● **EXERCISE**
The complete set of records below must be repeated precisely as given.
*** Opening of INFORMATION GIVEN ***
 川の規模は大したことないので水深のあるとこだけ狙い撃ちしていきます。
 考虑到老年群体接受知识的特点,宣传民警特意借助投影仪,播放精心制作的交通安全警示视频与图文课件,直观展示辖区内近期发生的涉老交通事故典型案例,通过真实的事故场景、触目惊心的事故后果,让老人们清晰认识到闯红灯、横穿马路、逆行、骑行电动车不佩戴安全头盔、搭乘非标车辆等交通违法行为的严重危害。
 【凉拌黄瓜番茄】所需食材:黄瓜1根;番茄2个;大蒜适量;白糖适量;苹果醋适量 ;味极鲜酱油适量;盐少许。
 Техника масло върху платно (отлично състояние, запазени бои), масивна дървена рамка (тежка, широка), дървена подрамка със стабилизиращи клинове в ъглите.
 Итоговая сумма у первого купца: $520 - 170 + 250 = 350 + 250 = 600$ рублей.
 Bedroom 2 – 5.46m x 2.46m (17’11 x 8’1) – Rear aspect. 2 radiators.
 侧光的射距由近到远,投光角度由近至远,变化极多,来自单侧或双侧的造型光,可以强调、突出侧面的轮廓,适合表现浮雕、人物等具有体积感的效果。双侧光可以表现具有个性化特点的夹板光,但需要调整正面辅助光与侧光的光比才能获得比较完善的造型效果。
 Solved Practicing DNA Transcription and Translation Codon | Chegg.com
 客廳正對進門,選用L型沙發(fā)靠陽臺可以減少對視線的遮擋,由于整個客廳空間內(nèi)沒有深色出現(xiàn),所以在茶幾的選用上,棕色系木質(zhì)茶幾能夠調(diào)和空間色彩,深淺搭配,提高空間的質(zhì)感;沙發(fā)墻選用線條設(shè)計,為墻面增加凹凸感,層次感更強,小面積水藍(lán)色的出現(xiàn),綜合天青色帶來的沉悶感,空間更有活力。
*** Close of INFORMATION GIVEN ***
● **ANSWER TO THIS PROBLEM**
 川の規模は大したことないので水深のあるとこだけ狙い撃ちしていきます。
 考虑到老年群体接受知识的特点,宣传民警特意借助投影仪,播放精心制作的交通安全警示视频与图文课件,直观展示辖区内近期发生的涉老交通事故典型案例,通过真实的事故场景、触目惊心的事故后果,让老人们清晰认识到闯红灯、横穿马路、逆行、骑行电动车不佩戴安全头盔、搭乘非标车辆等交通违法行为的严重危害。
 【凉拌黄瓜番茄】所需食材:黄瓜1根;番茄2个;大蒜适量;白糖适量;苹果醋适量 ;味极鲜酱油适量;盐少许。
 Техника масло върху платно (отлично състояние, запазени бои), масивна дървена рамка (тежка, широка), дървена подрамка със стабилизиращи клинове в ъглите.
 Итоговая сумма у первого купца: $520 - 170 + 250 = 350 + 250 = 600$ рублей.
 Bedroom 2 – 5.46m x 2.46m (17’11 x 8’1) – Rear aspect. 2 radiators.
 侧光的射距由近到远,投光角度由近至远,变化极多,来自单侧或双侧的造型光,可以强调、突出侧面的轮廓,适合表现浮雕、人物等具有体积感的效果。双侧光可以表现具有个性化特点的夹板光,但需要调整正面辅助光与侧光的光比才能获得比较完善的造型效果。
 Solved Practicing DNA Transcription and Translation Codon | Chegg.com
 客廳正對進門,選用L型沙發(fā)靠陽臺可以減少對視線的遮擋,由于整個客廳空間內(nèi)沒有深色出現(xiàn),所以在茶幾的選用上,棕色系木質(zhì)茶幾能夠調(diào)和空間色彩,深淺搭配,提高空間的質(zhì)感;沙發(fā)墻選用線條設(shè)計,為墻面增加凹凸感,層次感更強,小面積水藍(lán)色的出現(xiàn),綜合天青色帶來的沉悶感,空間更有活力。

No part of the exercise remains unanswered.